2020年の入試も受験生の「安全志向」が際立つ入試だった。
翌年に大学入学共通テスト控え安全志向高まる
背景にあるのは入試改革の迷走だ。来年からセンター試験が大学入学共通テストに変わり、「英語民間試験の成績利用」と「数学と国語の記述式問題」が加わることが決まっていた。今年浪人すると受験生は新たにこの2つの対策が必要となり負担が重い。そのため安全志向が高まり、確実に合格できる大学を目指す傾向が強まった。
2019年11~12月になって改革の目玉だった英語民間試験と記述式問題の見送りが発表されたが、遅すぎた。11月はすでに志望校を決め、過去問に取り組む時期だったからだ。安全志向・現役志向の流れは変わらず、チャレンジ校より滑り止め校を多く受けたと思われる。

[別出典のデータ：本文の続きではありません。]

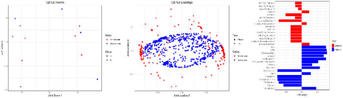 右圖注:圖中展示了載荷值長度 top10 的代謝物和載荷值長度 top15 的微生物,紅色柱子代表微生物,藍(lán)色柱子代表代謝物。橫坐標(biāo)表示聯(lián)合載荷軸 1,縱坐標(biāo)表示代謝物/微生物。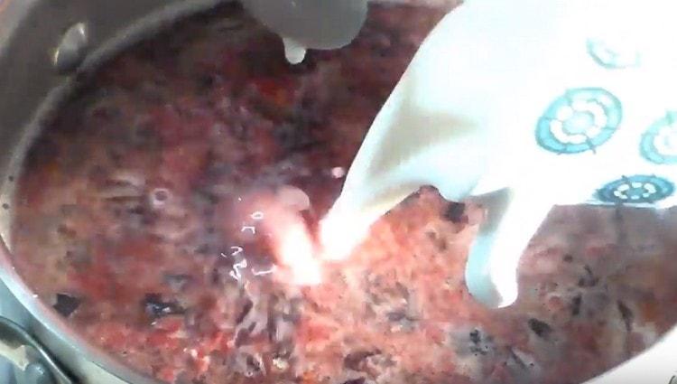 - Supilkite ingredientus vandeniu, įpilkite 350–400 g cukraus ir išmaišykite.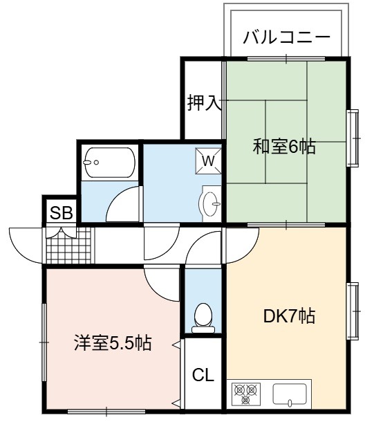 | 間取り詳細 | DK 7畳 、 和室 6畳 、 洋室 5.5畳 |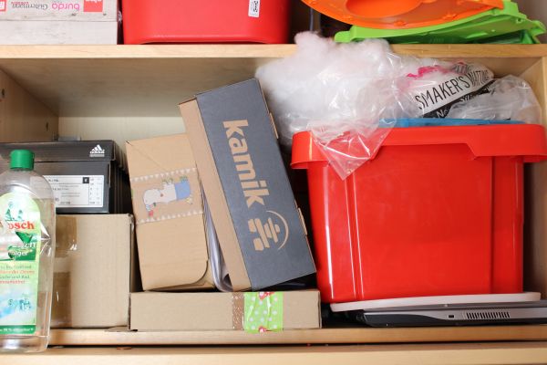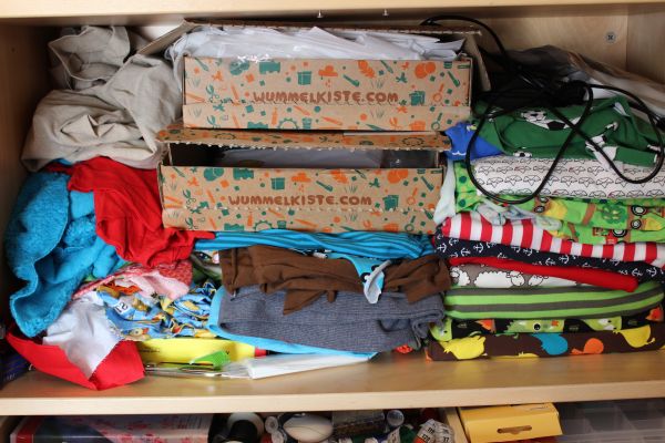 In dem Regal über dem Schrank stehen meine Projektkisten, die, wenn ich nähe irgendwo stehen und in die ich immer alles hineinverräume, wennich eine Pause machen muss – wiederum dem unermüdlichen Entdeckerdrang meiner Brut zu verdanken.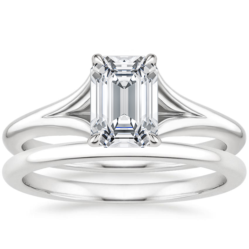 At once feminine and contemporary, the engagement ring divides into graceful ribbons of precious metal that intertwine and embrace the center gemstone, securing it with claw prongs. The petite wedding band features a rounded inside edge for increased comfort. ... Read More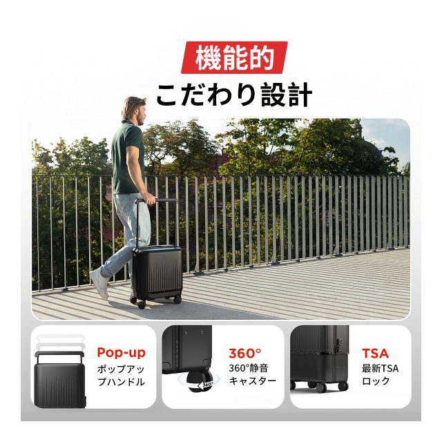 【静音設計で快適移動】 温泉旅館の畳廊下でもスムーズに転がせる、360°回転・完全静音キャスターを搭載。静音レベルは25dBと、ささやき声よりも静か。移動時の音が気にならず、公共の場でも周囲に配慮した使用が可能です。ハンドルは3段階調節式で、日本人の平均身長に合わせた設計。長時間の移動でも腕への負担を軽減します。
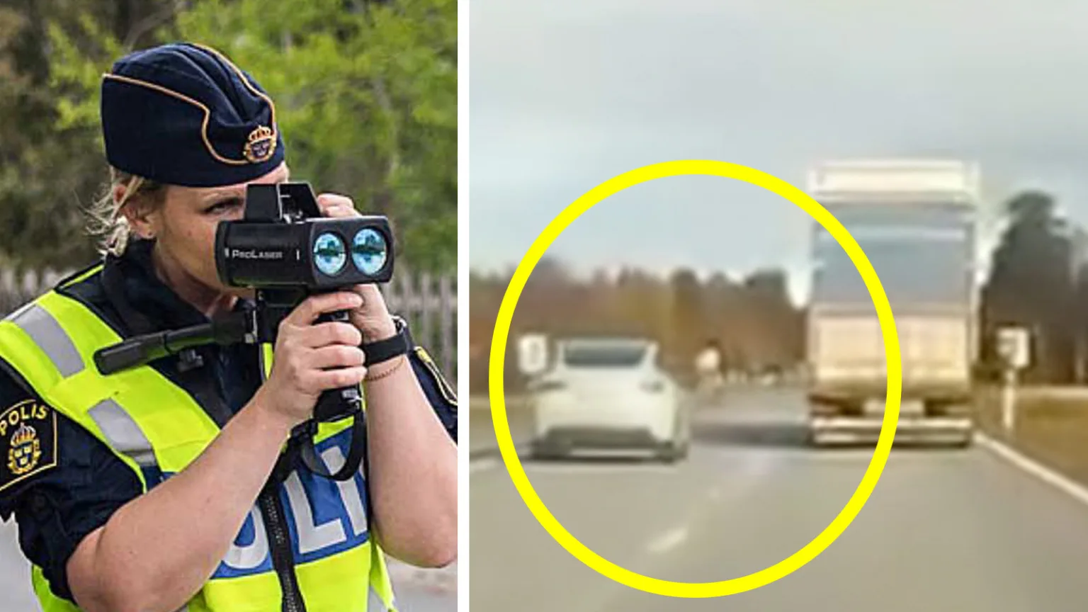Tesla-förarens gick i fällan: Kör om i hög hastighet precis när filerna går ihop. Men han missade att en polispatrull väntade med lasern längre fram. Händelsen delar bilister i två läger.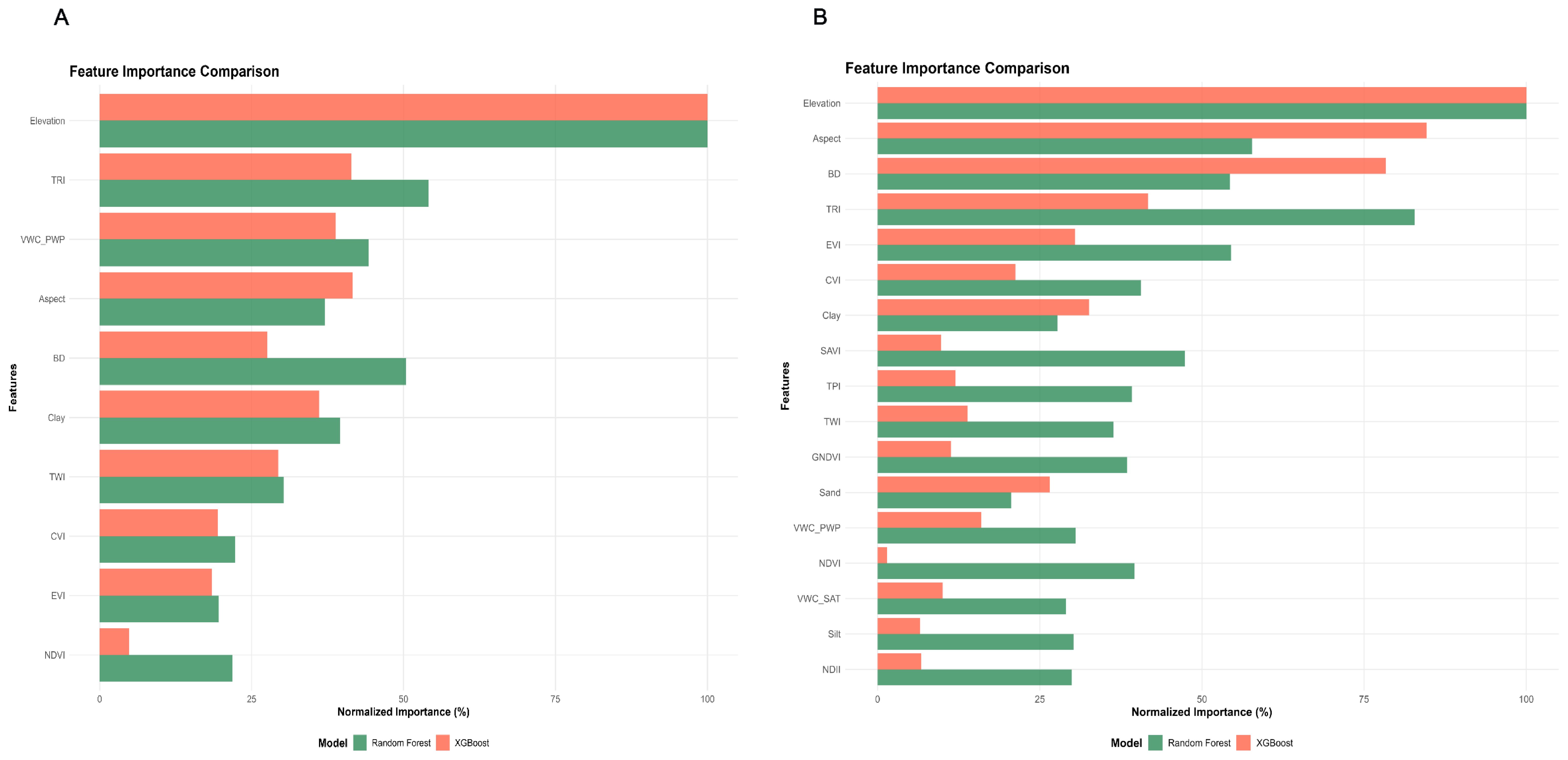 The relative contributions of environmental and soil covariates to soil pH and EC prediction were assessed through feature importance analysis comparing RF and XGBoost models. For pH prediction (Figure 8A), ten features were evaluated: Elevation, TRI, VWC_PWP (Volumetric Water Content at Permanent Wilting Point), Aspect, BD, Clay, TWI, CVI, EVI, and NDVI. Elevation emerged as the dominant predictor in both models, demonstrating the highest normalized importance (>90%) and underscoring its critical role in pH spatial distribution. Notable differences between models were observed, with RF consistently assigning higher importance to most features compared to XGBoost, particularly for TRI, VWC_PWP, and BD. For EC prediction (Figure 8B), the feature set was expanded to include SAVI, GNDVI, NDII, TPI, Sand, Silt, and VWC_SAT (Volumetric Water Content at Saturation). Elevation and Aspect dominated the prediction framework, accounting for over 90% and 80% of feature importance respectively in both models. Model-specific preferences were again evident, with RF assigning greater importance to TRI, EVI, and SAVI, while XGBoost emphasized Aspect and BD more heavily.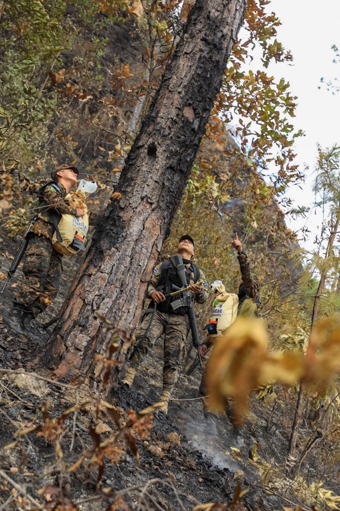 El Cuerpo de Bomberos dispuso vehículos todoterrenos, bombas de mochila y herramientas forestales. A estos esfuerzos se sumaron el equipo especializado de la Fuerza Armada con dos helicópteros equipados con el sistema Bambi Bucket para esparcir agua en puntos críticos y de difícil acceso.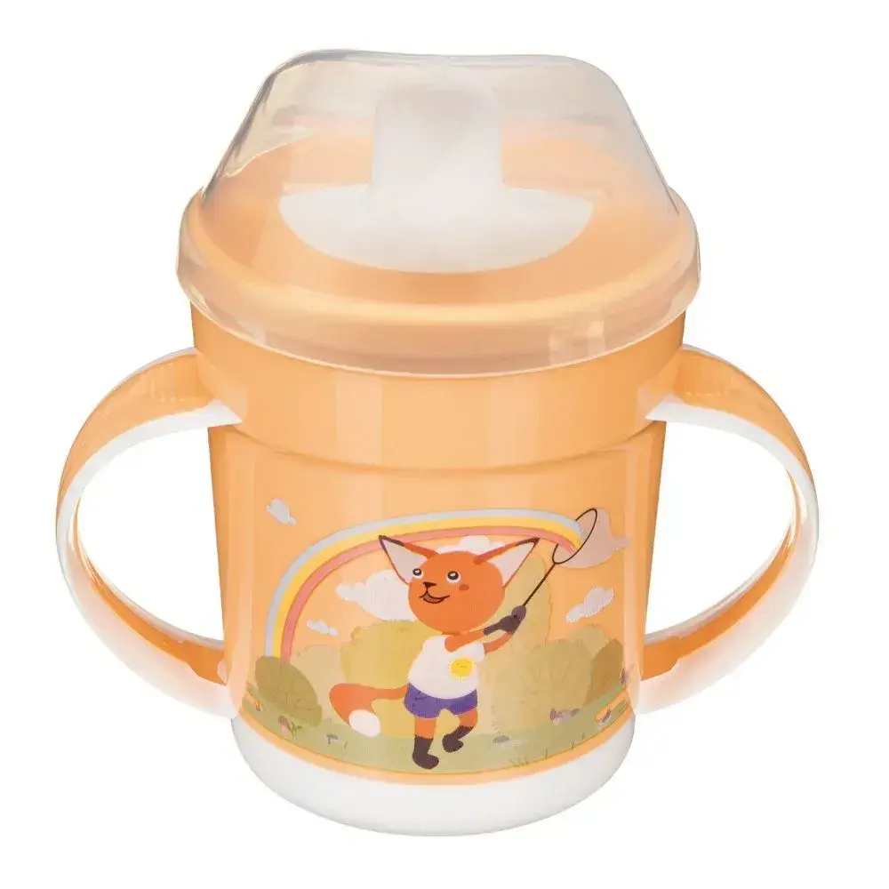 Поильник детский с ручками и защитной крышкой, 320 мл, пластик, оранжевый, рисунок котика

難関国公立大学の大幅な志願者減はこの傾向を端的に表している。
最後となった大学入試センター試験の志願者は55万7699人で前年に比べ3.3%減。これはセンター試験史上最大の減少だった。そのうえ、今年は5教科7科目の平均点が文系理系ともに昨年に比べて20点前後のダウンとなった。これを受けて国公立大志願者は全体で6.4%減。難関国立大の旧7帝大(北海道大学、東北大学、東京大学、名古屋大学、京都大学、大阪大学、九州大学)に加え、東京工業大学、一橋大学はすべて志願者減だった。この9大学の志願者がそろって減るのは、過去40年間に一度もなかった。